Conversants have a range of means, which vary with respect to strength, for
indicating acceptance of a presentation. These include continued attention,
initiation of the next relevant contribution, acknowledgment, demonstration and
display.
Thus acknowledgments are common
linguistic devices used to provide feedback. Broadly speaking, acknowledgments
are responsive acts.1 That is, they are usually
uttered in (possibly partial) response to a production by another speaker;
acknowledgment acts express beliefs and intentions of one conversant with
respect to the mutuality of prior exchanges involving some other conversant.

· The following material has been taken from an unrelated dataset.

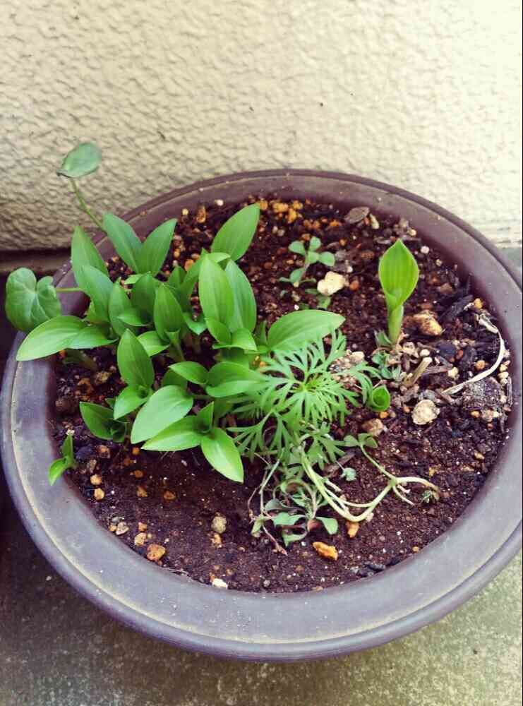 いろんな芽が出てきていてちょっと面白い鉢植えです。

The intended perlocutionary effect of an acknowledgment act is generally the perception
of mutuality of some belief.
In previous research, the
function of acknowledgments has been most readily characterized in terms of
attention, understanding and acceptance on the recipient’s behalf (Kendon,
1967; Schegloff, 1982). In addition, it has been suggested that they serve to
facilitate active participation in dialogues and promote "smooth"
conversations (Duncan & Fiske, 1987).
Schegloff (1982) described two
main types of acknowledgment: continuers and assessments. Continuers, such as “uh
huh,” “quite,” and “I see,” act as bridges between units. Conversants use
acknowledgments as continuers to signal continued attention and to display the
recipient’s understanding that the speaker is in an extended turn that is not
yet complete. Moreover, continuers indicate the turning down of an opportunity
to undertake a repair subdialogue regarding the previous utterance or to
initiate a new turn. Assessments--such as “oh wow” and “gosh, really?”"--are
essentially an elaboration on continuers. That is, they occur in much the same
environment and have similar properties to continuers, but in addition express
a brief assessment of the previous utterance.
Empirical analysis of
conversations has indicated that the occurrence of acknowledgments is not
arbitrary. Acknowledgments mostly occur at or near major grammatical
boundaries, which serve as transition-relevance places for turn-taking (Sacks et
al., 1974; Hopper, 1992). In particular, work by Orestrom (1983) and
Goodwin (1986) suggested a tendency for continuers to overlap with the primary
speaker’s contribution, in such a way that they serve as bridges between two
turn-constructional units. Assessments, on the other hand, are generally
engineered without overlap. Goodwin suggested that conversants make special efforts
to prevent assessments from intruding into subsequent units. That is, the
speaker typically delays production of the subsequent unit until the recipient’s
assessment has been brought to completion.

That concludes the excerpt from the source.